A walking path that goes through all bridges can have only one starting and one end point. Thus such a path cannot exist on a graph that has more than two nodes with an odd number of links. The Königsberg graph had four nodes with an odd number of links, A, B, C, and D, so no path could satisfy the problem.
Euler’s proof was the first time someone solved a mathematical problem using a graph. For us the proof has two important messages: The first is that some problems become simpler and more tractable if they are represented as a graph. The second is that the existence of the path does not depend on our ingenuity to find it. Rather, it is a property of the graph. Indeed, given the structure of the Königsberg graph, no matter how smart we are, we will never find the desired path. In other words, networks have properties encoded in their structure that limit or enhance their behavior.
To understand the many ways networks can affect the properties of a system, we need to become familiar with graph theory, a branch of mathematics that grew out of Euler’s proof. In this chapter we learn how to represent a network as a graph and introduce the elementary characteristics of networks, from degrees to degree distributions, from paths to distances and learn to distinguish weighted, directed and bipartite networks. We will introduce a graph-theoretic formalism and language that will be used throughout this book
If we want to understand a complex system, we first need to know how its components interact with each other. In other words we need a map of its wiring diagram. A network is a catalog of a system’s components often called nodes or vertices and the direct interactions between them, called links or edges (BOX 2.1). This network representation offers a common language to study systems that may differ greatly in nature, appearance, or scope. Indeed, as shown in Image 2.2, three rather different systems have exactly the same network representation.

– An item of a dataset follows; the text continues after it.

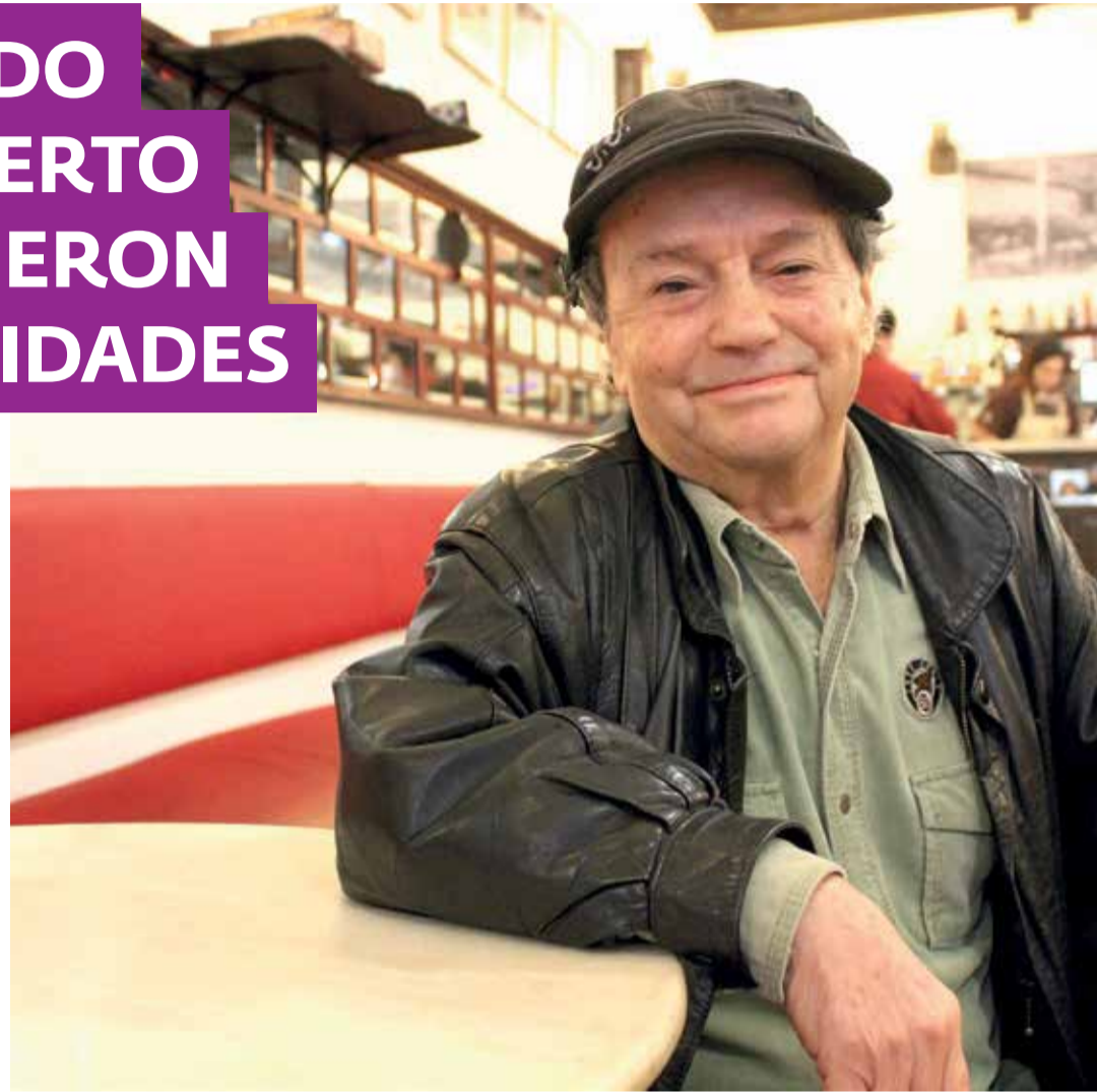
Joselito en el Café - Salón Pérez de Utiel, próximo al escenario donde hizo su debut artístico

► Lo que ganaba con la Columbia Pictures o en Francia por cada show eran 5.000 dólares de la época y hacia unos cuatro o cinco shows al día. Siempre había mucha cola de gente, fácilmente ganaba diariamente 20.000 dólares de aquel tiempo en los años 1956-57-58. Con 13/14 años ganaba todo ese dinero y eso en España era imposible. Además, a Franco le venía muy bien porque, aunque nunca trabajaba allí, cada tres películas declaradas en Hacienda le llegaban de divisas del extranjero a España 3.000 millones de pesetas. En aquel momento para el régimen español le venía muy bien porque después de la posguerra es cuando más falta hacía el dinero. Era el niño mimado, aunque nunca sa-

Image 2.2 introduces two basic network parameters:
Number of nodes, or N, represents the number of components in the system. We will often call N the size of the network. To distinguish the nodes, we label them with i = 1, 2, ..., N.
Number of links, which we denote with L, represents the total number of interactions between the nodes. Links are rarely labeled, as they can be identified through the nodes they connect. For example, the (2, 4) link connects nodes 2 and 4.
The networks shown in Image 2.2 have N = 4 and L = 4.
The links of a network can be directed or undirected. Some systems have directed links, like the WWW, whose uniform resource locators (URL) point from one web document to the other, or phone calls, where one person calls the other. Other systems have undirected links, like romantic ties: if I date Janet, Janet also dates me, or like transmission lines on the power grid, on which the electric current can flow in both directions.
A network is called directed (or digraph) if all of its links are directed; it is called undirected if all of its links are undirected. Some networks simultaneously have directed and undirected links. For example in the metabolic network some reactions are reversible (i.e., bidirectional or undirected) and others are irreversible, taking place in only one direction (directed).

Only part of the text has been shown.